There are two possible reasons why a film like the bird-watching comedy "The Big Year" isn't shown to critics in advance.
One is that the film isn't very good. Another is that the film seems so deeply confused in tone that studio marketers have no idea how to sell the movie to the public.
The latter would seem to be the case for this odd duck. Advance trailers made it look like a tightly edited comedy riot with Steve Martin, Jack Black and Owen Wilson yukking it up. Rather, these comedic actors all play rather somber fellows, all living with regrets while chasing egrets and owls.
Watching "The Big Year" reveals that moments having nothing to do with one another in the movie were cobbled together to make the trailers in an attempt to pass the picture off as funny. It doesn't work.
It's difficult to determine whether director David Frankel ("The Devil Wears Prada") was attempting to make a straight comedy out of screenwriter Howard Franklin's adaptation of Mark Obmascik's book, which is more thoughtful than wacky. It's a bad fit.
Listening to Franklin's words led me to believe that he was shooting for a kind of heartfelt humor with light drama, like Martin's "Parenthood," which seems better every year as filmmakers try to duplicate its formula and find it nearly impossible to pull off.
"The Big Year" is perhaps most remarkable in the way that it forces its three lead actors to act uncomfortably against type as they chase after a "Big Year," which is a competition among birders to either see or hear the largest number of bird species within a single calendar year.
Martin looks the most comfortable of the three as Stu, a titan of business who's desperate to retire so he can travel cross-country to chase birds and spend more time with his wife, children and grandchildren.

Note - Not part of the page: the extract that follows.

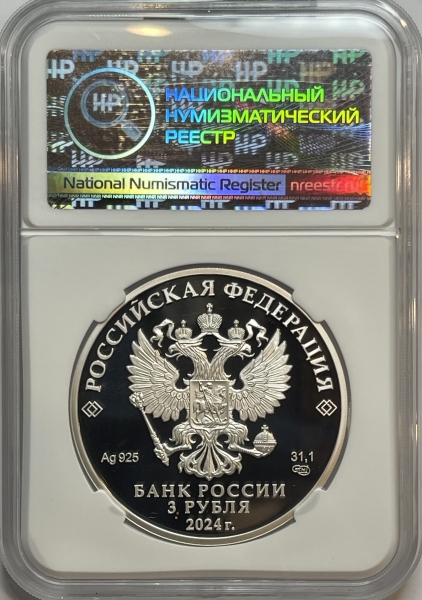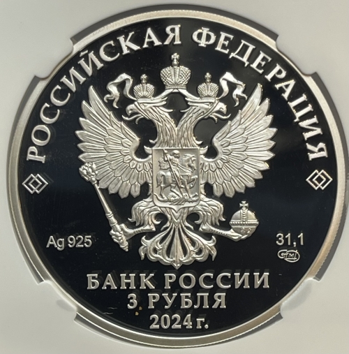 рельефное изображение Государственного герба Российской Федерации, над ним вдоль канта – надпись полукругом «РОССИЙСКАЯ ФЕДЕРАЦИЯ», обрамленная с обеих сторон сдвоенными ромбами, под гербом слева – обозначения драгоценного металла и пробы сплава, справа – содержание химически чистого металла и товарный знак монетного двора, внизу в центре в три строки – надпись «БАНК РОССИИ», номинал монеты «3 РУБЛЯ», год выпуска «2024 г.».

The character is so torn that Martin spends most of the movie looking like he has a stomachache, and it makes him look old. That's sad, not funny.
Black's penchant for creating characters out of controlled zaniness is severely undercut. His Brad is a 36-year-old guy who's never accomplished anything of note, so he spends the movie trying to achieve his way out of his funk by setting a new birding record. Black hasn't looked this lost since trying out rom-coms with "The Holiday."
Wilson attempts to use his usual California cockiness to infuse some life into Kenny, the defending "Big Year" champion determined to retain his title. But this boorish oaf is such an emotionally empty dork who neglects his wife that we can't embrace his unlikable, narrowly drawn competitor.
I didn't connect with any of the characters enough to connect them with any of the film's themes. We see a variety of birds, but only for about one second each, so I wouldn't necessarily recommend the picture to members of the Audubon Society or any other animal lovers.
"The Big Year" looks like it should be a hoot when considering the extensive cast beyond the three principals. But the three supporting females (Rosamund Pike, Rashida Jones and Jobeth Williams) have thankless roles that are performed largely by telephone as the men gallivant to bogs and Alaskan outposts for bird sightings. Anybody could have phoned in these parts.
The picture is packed with cameo performances (Tulsa's Tim Blake Nelson is joined by Anjelica Huston, Jim Parsons, Joel McHale, Kevin Pollak, Anthony Anderson, Steven Weber, Corbin Bernsen, I could go on). This is apparently an attempt to spread the lack of humor, and direction, around.
"The Big Year" never seems to take flight. It never really explains the phenomenon of birding very well. I kept expecting to see more flapping than flopping.